▶ _Dataset section_:
######

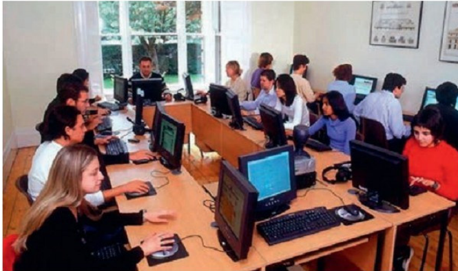
Համացանցից օգտվող մարդկանց խումբ

գահեռաբար խորանում են ժողովրդավարության, մարդու իրավունքների հարգման և ընդլայնման գործընթացները: Նշված ժամանակահատվածում ձևավորվեց միակենտրոն աշխարհ՝ ԱՄՆ-ի գլխավորությամբ:
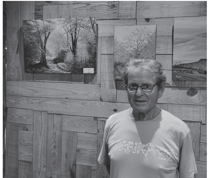
Berako margolariak 80 erakusketa baino gehiago egin ditu.

80 erakusketa baino gehiagok bermatzen dute margolariaren ibilbide artistikoa. Informazio gehiagorako: www.rudyarte.com

######

▶ _Problem statement_: Which of the lines above include the word "baino"? List those lines.

▶ _Response_:
Berako margolariak 80 erakusketa baino gehiago egin ditu.
80 erakusketa baino gehiagok bermatzen dute margolariaren ibilbide artistikoa. Informazio gehiagorako: www.rudyarte.com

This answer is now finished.